Comment apprendre la patience aux enfants ?

Publié le 28 octobre 2021
en collaboration avec Florence Millot (psychologue et psychopédagogue)

Tous les parents le savent, demander à son enfant d’attendre dans le calme n’est pas une mince affaire… Et pourtant, dans bien des situations vous n’aurez d’autre choix que de prier votre enfant de bien vouloir patienter. Les conseils de Florence Millot, psychologue.

Votre enfant gigote sur sa chaise, vous demande “c’est quand notre tour ?” 20 fois, court partout ou encore se roule par terre, las d’attendre… Rassurez-vous, vous n’êtes pas les seuls parents dans ce cas. La patience n’est pas une qualité innée, elle s’apprend. Il est donc tout à fait normal que les enfants, notamment les plus jeunes, ne supportent pas d’attendre. Vous pouvez toutefois aider votre progéniture dans cet apprentissage avec des astuces simples. 

A partir de quel âge un enfant est-il capable d’attendre ? 

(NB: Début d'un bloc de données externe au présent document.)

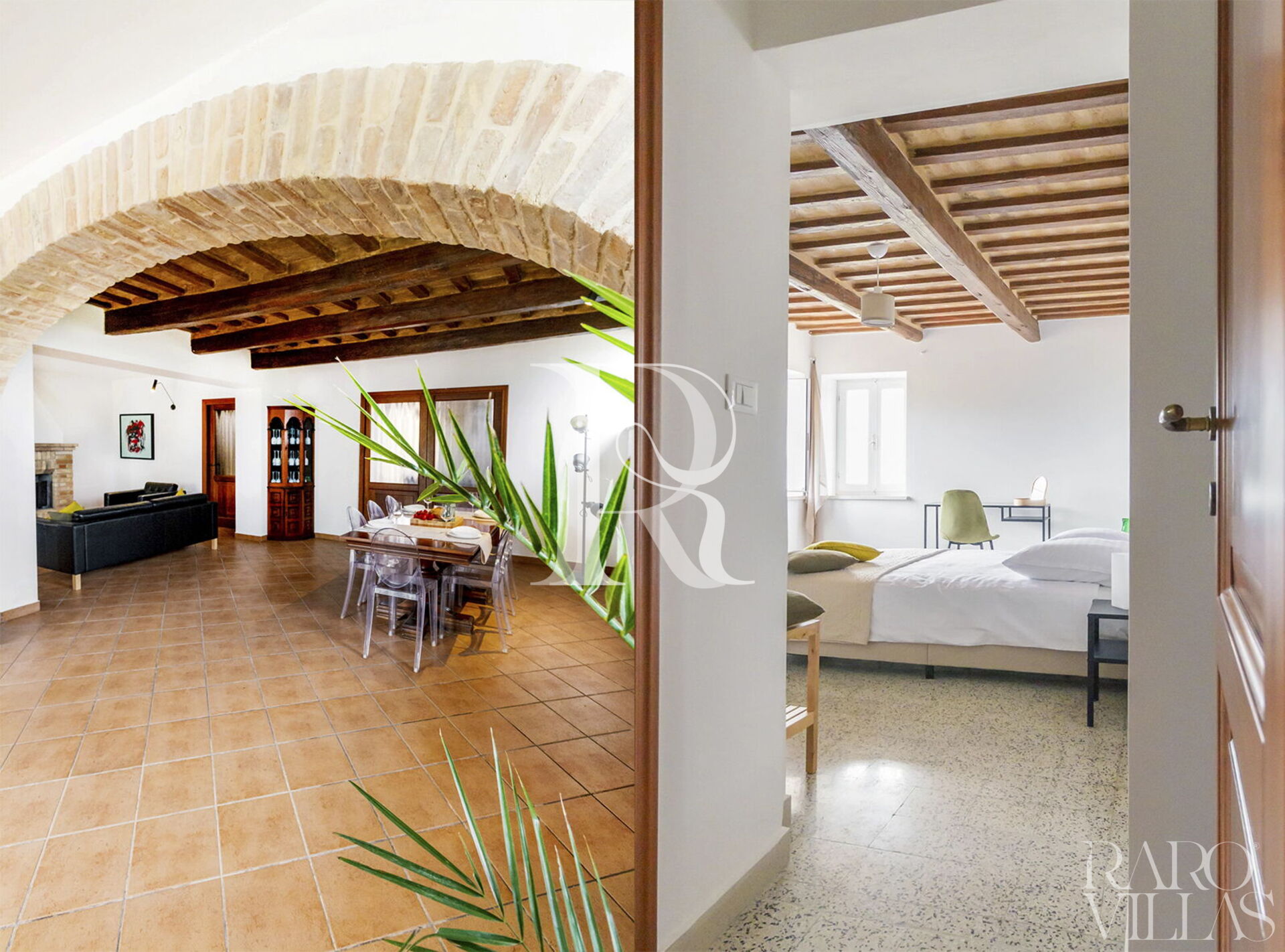 The villa for rent has a wonderful panoramic view over the landscape of Marche. It is an historic farmhouse with swimming pool dating back to the 18th century who is located just 45 minutes drive from Ancona International Airport.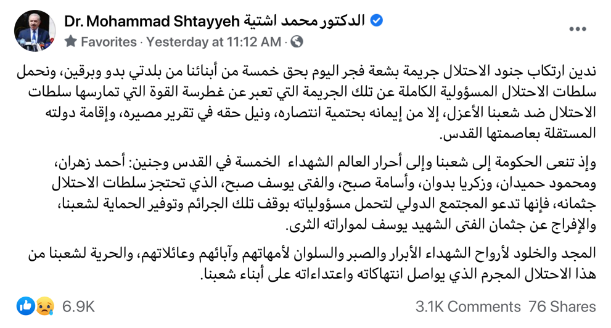 Text posted on the Facebook page of PA Prime Minister Muhammad Shtayyeh

Chaque enfant est différent en ce qui concerne la patience. Cela dépend de plusieurs facteurs, selon Florence Millot : “s’il est naturellement nerveux ou pas, s’il y a eu des difficultés lors de sa venue au monde, s’il y a eu des temps en couveuse, si les parents ont toujours été très présents et ont toujours répondu rapidement à ses besoins, etc”. Durant les premiers mois de sa vie, l’enfant s’exprime par les pleurs et les parents répondent généralement rapidement à ses besoins (faim, changement de couche, fatigue…). Les trois premiers mois, bébé est en totale fusion avec ses parents, l’attente n’a pas sa place. Les trois mois suivants, on parle de fusion relative. A partir de neuf mois, les parents peuvent ne pas répondre aux sollicitations de bébé immédiatement. Vers un an, l’enfant comprend qu’il est une personne à part entière, détachée de ses parents. L’attente ne lui fait plus peur mais il réagit souvent excessivement quand on lui demande de patienter. 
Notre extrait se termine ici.